05 October 2011

USPTO Receives 850 Fast-Track Applications in First Week

uspto-logo-bullet We wrote recently about the passage of the US patent reform legislation (‘America Invents’), and its potential impact on non-US applicants (see US Patent Reform Passes, Simplifying Life for Foreign Applicants).

Among the many changes to US patent law brought about by America Invents is the introduction of prioritised examination of patent applications, also known as the ‘fast track’, or ‘track 1’.  The prospect of a multi-track examination process was first raised by USPTO Director David Kappos last year (see USPTO Multi-Track Examination Proposal & Non-US Applicants), in which applicants would be able to choose between ‘normal’ examination (‘track 2’), delayed examination (‘track 3’) and – upon payment of a suitable fee – prioritised examination (‘track 1’).

In fact, fast-track examination almost went into effect earlier this year, but was abandoned when it became apparent that there was no guarantee that the USPTO would be able to keep the corresponding additional fees necessary to fund the program.

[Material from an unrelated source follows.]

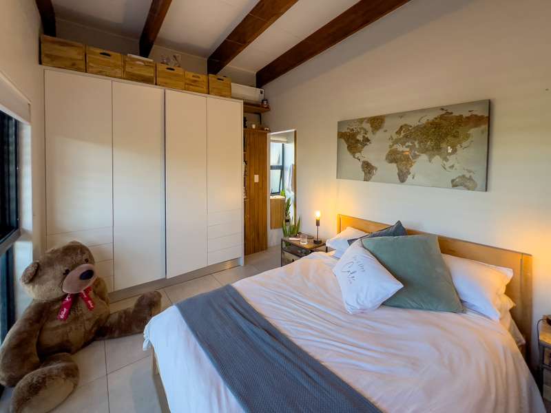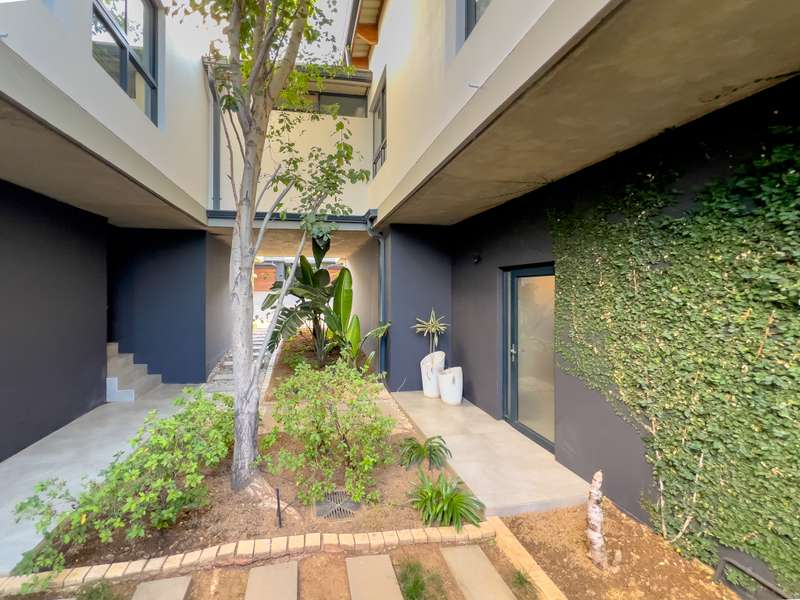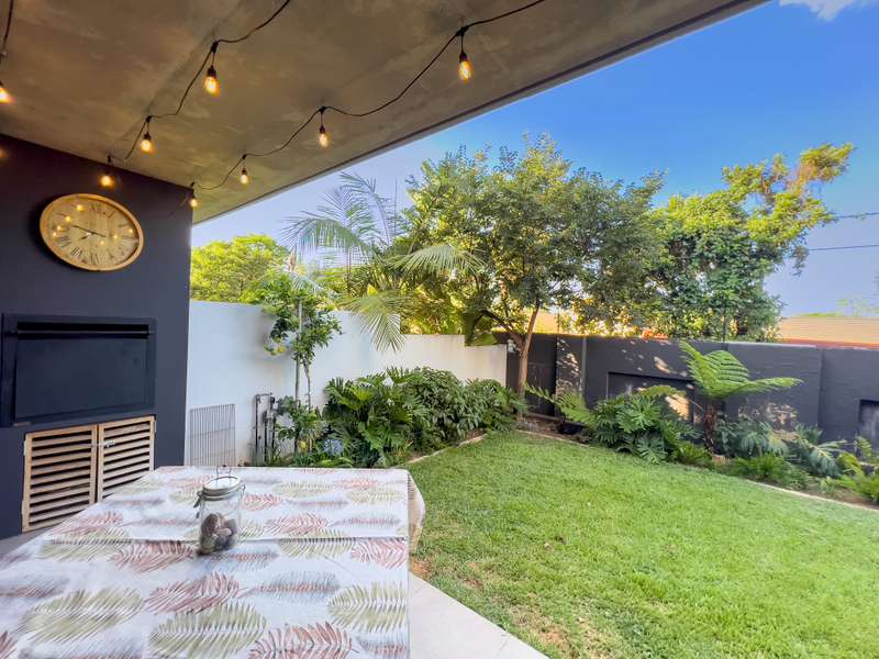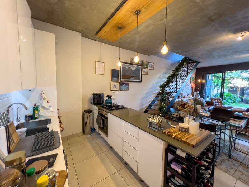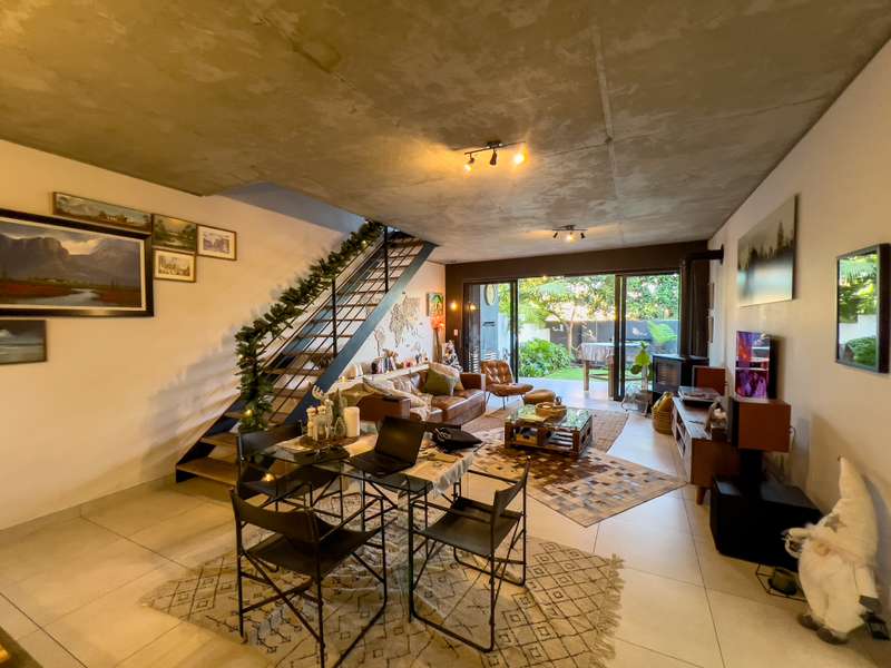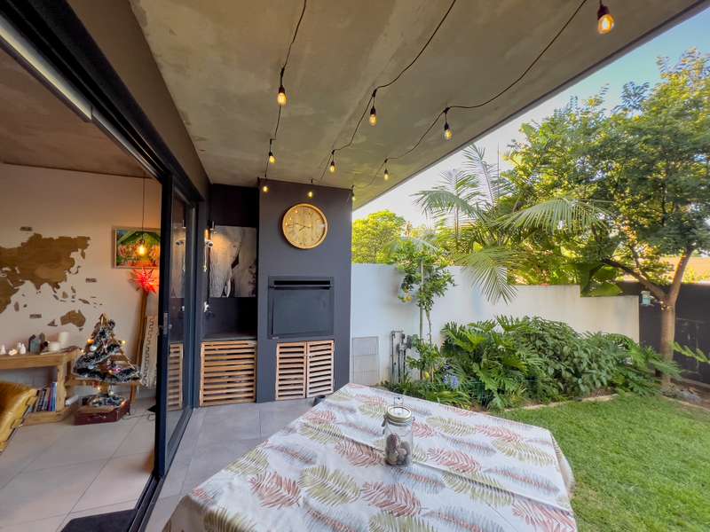 Exclusively to RealNet Properties This stunning 2-bedroom property is the perfect blend of luxury, style, and functionality, featuring contemporary architecture and premium finishes throughout. Both bedrooms include en-suite bathrooms, ensuring privacy and convenience, while a downstairs guest toilet adds practicality. The open-plan living area is designed for modern living and entertaining, with tasteful finishes, exposed concrete ceilings, and a cozy fireplace. Wall-to-ceiling glass doors flood the space with natural light and open onto a patio equipped with a built-in braai and a low-maintenance irrigated garden. The sleek kitchen is a chef's dream, featuring a gas stove, built-in fridge, and dishwasher, all seamlessly integrated behind fitted cupboard doors. Caesarstone countertops add a touch of elegance to the space. A single automated garage offers direct access to the home, complemented by a dedicated parking space in front and ample guest parking. An inverter system provides reliable backup power for up to two days, ensuring uninterrupted comfort. Security and maintenance are top priorities, with a night guard on duty and a dedicated gardener keeping the complex's gardens and lawns in pristine condition. If you’re looking for a modern home that offers luxurious living and practical features, this property is the ideal choice.

However, with the passage of America Invents, fast-track examination has been implemented, and as of 26 September 2011 is available to all new applications.


The program provides for an applicant to pay a US$4800.00 fee (or US$2400.00 for ‘small entities’) to place an application on the fast track, whereby the USPTO will endeavour to achieve final disposition of the application (i.e. allowance or final rejection) within an average period of 12 months.

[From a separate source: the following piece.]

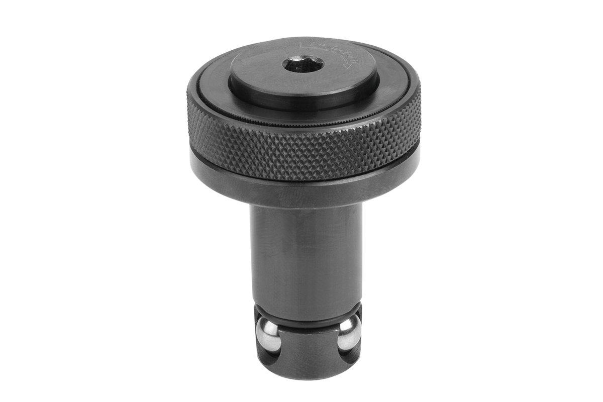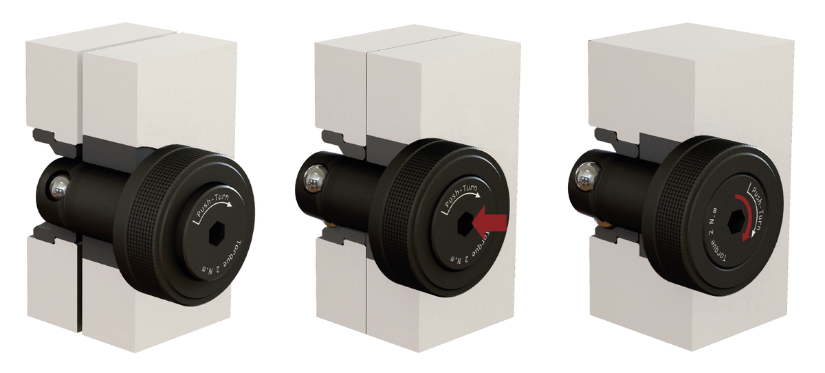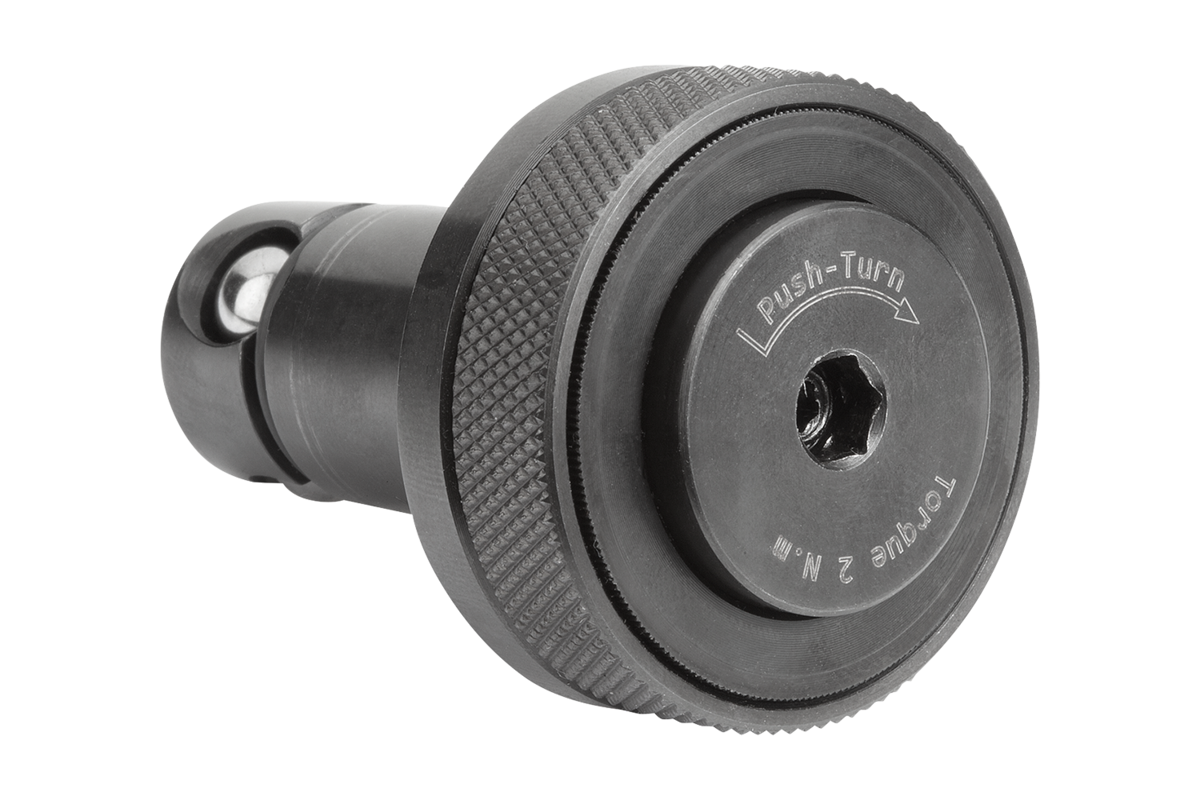 Inserire il cilindro di posizionamento nel foro di alloggiamento e premere il pulsante. In questo modo vengono fatte fuoriuscire le tre sfere per posizionare i componenti. Attraverso il fissaggio successivo della vite di arresto, con una chiave esagonale e con una rotazione di 1/4 di giro, si ottiene un serraggio ad accoppiamento geometrico sicuro dei componenti.

In addition to payment of the fee, the applicant must also comply with certain further obligations in order to enter and remain within the program.  The application must have no more than four independent claims, and 30 claims in total.  Furthermore, the applicant must respond to any office action within the initial three-month period following the date of issue.  The normal extensions of up to six months are available, but if the applicant does not respond within the initial period the application will drop out of the fast-track (i.e. being placed on the examiner’s ‘standard docket’, for those familiar with USPTO procedure).

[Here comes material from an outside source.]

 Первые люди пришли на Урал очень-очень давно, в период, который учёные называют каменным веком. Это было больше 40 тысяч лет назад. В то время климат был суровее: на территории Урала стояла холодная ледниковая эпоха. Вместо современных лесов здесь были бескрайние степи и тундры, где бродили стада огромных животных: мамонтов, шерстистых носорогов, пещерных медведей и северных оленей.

As noted above, the new prioritised examination program commenced on 26 September 2011.  Yesterday (3 October 2011, US time) the USPTO communicated via its official Twitter account (@uspto) that it had received 850 fast-track patent applications in the first week!

On the positive side, that is a total of up to US$4,080,000.00 in additional fees (depending upon whether any of the applications were by small entities).  However, there is currently no guarantee that the USPTO will be able to access this additional revenue for the purposes of hiring additional examiners in order to support the program without impacting upon the pendency of non-fast-tracked applications.  Ultimate control of the PTO budget still resides with the US Congress.


And, as of right now, the USPTO clearly does not have the numbers of experienced examiners to maintain patent quality, and keep up with the rate of new regular filings.  It is therefore very difficult to believe that this influx of fast-tracked applications, requiring rapid disposition by skilled examiners, will not have any impact on the examination of applications on the normal track.  Even if the USPTO commences hiring of new examiners right away, they will still require extensive training – which is, of course, also a task for the more-experienced examiners who are also best-placed to handle the fast-track applications.

It is possible that the initial rush of fast-track applications is the result of applicants seeing the writing on the wall for some period prior to the passage of America Invents, and holding off filing new applications in order to take advantage of the new program.  If so, then the rate of fast-track filings should fall off within a few weeks, hopefully to something more manageable.

But if not, we wonder whether it is only a matter of time before the ‘fast track’ becomes the new ‘regular track’, which in turn becomes the ‘slow track’?  We also wonder what impact all of this will have on existing accelerated examination mechanisms, such as the Patent Prosecution Highway (PPH) programs?